Episode:泥棒猫39
原案:クズハ 見守り:蒼風 雨静 文;碧 銀魚
リーンの亡骸は、ビアとクロで一旦ガゼボの中に運び込まれた。
「ごめんなさい、クロちゃん。私達の力が及ばず、こんなことになってしまって……」
ビアはクロに頭を下げた。
だが、クロは泣くばかりで、何も答えない。
「恐らく、リアさんはバアジ・フローに脅されていたと思われます。リアさんのお母様は数年前から病気で、床に伏していたそうです。それを人質に取られた。そして、クロちゃんがリーン様を連れ出すよう仕向け、行方不明になったところで、今回の戦を仕掛け、そのどさくさに紛れて、リアさんにリーン様を暗殺させる……筋書としては、そんなところでしょう。」
確かにそう考えると、リーンが唯一不審がっていた点も説明がつく。
ヴェサル側には少なくとも一日以上前に偽情報が入っていたと思われるが、それは翌日にクロがリーンを連れ出さなければ、成り立たない内容だった。

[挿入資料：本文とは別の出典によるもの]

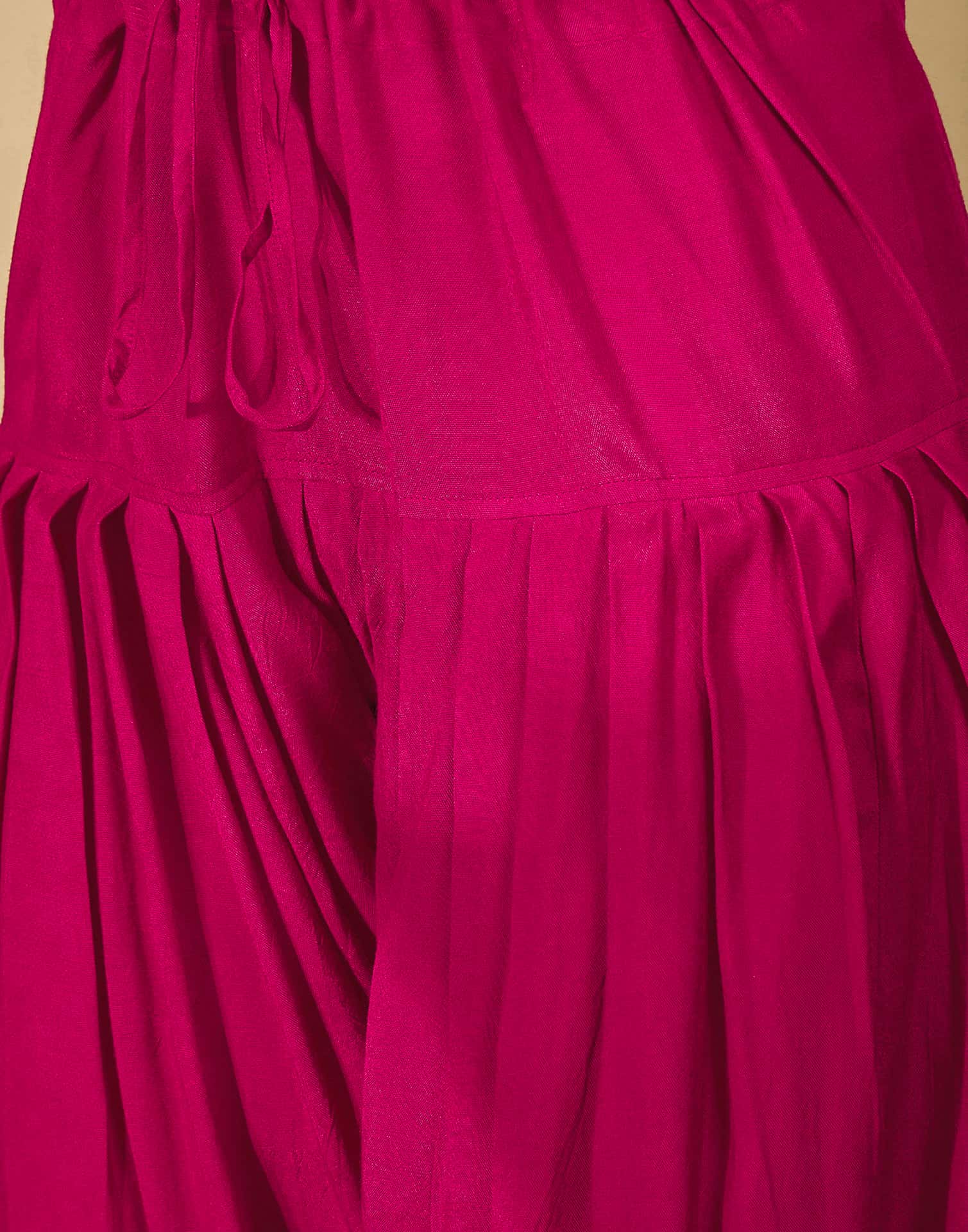 This Rani Pink Silk kurta set with Embroidery And Sequins Work is crafted for women who love Indian wear with a modern twist. The kurta’s Round Neck and graceful cut enhance its style, while Palazzo and dupatta complete the ensemble. Designed for Wedding Wear, it promises high-quality fabric, ease of movement, and lasting appeal. Family Function Wear, All-day Comfort, Breathable Kurta.

つまり、クロがリーンを城外へ連れ出すこと自体が、あらかじめ織り込み済みだったのだ。
「リアは……」
不意にクロが口を開いた。
「リアは、あたしにリーンを連れて、逃げてほしかったって言ってた……」
ビアは悲しげに溜息をついた。
「せめて、リーン様には生きていてほしかったのですね。でも、リーン様は、自らの責務を捨てず、ちゃんと戻ってきた。それが命取りになるなんて……」
とても人間の所業とは思えない謀略だ。
だが、リーンを失った今、クロにはどうでもいいことだった。
「そんなことで……リーンは……」
クロはまた、はらはらと涙を流した。
そんなクロの頭を、ビアは子供を宥めるように撫でた。
「クロちゃん……リーン様はもう帰ってきませんが、その意志は私が継ぎます。もうこんなバカげた争いは起こさせませんし、オブスタクルとヴェサルの貧民街の方々は、必ず私が救います。」
ビアは、はっきりと宣言した。
ビア自身、最愛のリーンを亡くし、国同士が戦闘、そして仲が良かったリアを自らの手にかけたのだ。
つらくないわけがない。
それでも、ビアは涙一つ見せず、凛としている。
クロにはとても真似できなかった。
「では、最期の時はお譲りしたので、ここからはリーン様を返して頂きます。」
「えっ?」
クロが尋ねる間もなく、ビアはリーンの亡骸を無理やり担ぎ上げた。
リーンは華奢とはいえ、成人男性である。それを、女性であるビアが担ぐのは、かなりの負荷だ。
一瞬でビアの額に汗が滲む。
「おい、どうする気だよ?」
クロが尋ねると、ビアは歩を進めながら答えた。
「リアさんには申し訳ありませんが、リーン様の殺害の汚名を着てもらい、その上でバアジ・フローを脅します。自分が手引きして、兄である皇太子を従妹に殺させたと知れたら、彼は破滅です。これは決定的な弱みになります。」
「でも、その後は……」
「その上で、バアジ・フローを国王にして、私を后にさせます。そして、この国とヴェサルの実権を全て握って、本当の和平を作り上げます。」
ビアの決意は壮大で、クロは驚くしかなかった。
「そんなこと、できるのかよ……」
「やります。リーン様の為に……そしてオブスタクルとヴェサルの人々の為に……!」
ふと、ビアは足を止めた。
「ですから、死なないで下さい、クロちゃん。必ず、私が何とかしますから。」
それだけ言い残し、ビアはガゼボから出ていった。
クロはそのままそこを動けず、日が昇るまで蹲っていた。
あんなに幸せな時間を過ごしていたガゼボが、今はあちらこちらが血に染まっている。
中には傷ついたクロ。
傍らにはリアの亡骸が転がっている。
「……あたしは、幸せになんかなっちゃ、いけなかったのかな……」
クロはそうつぶやくと、ゆっくりと立ち上がった。
そして、リアの亡骸に目を遣った。
「……」
クロはその顔を見た。
そして、そのまま何も言わず、足を引きずりながら、ガゼボが出ていった。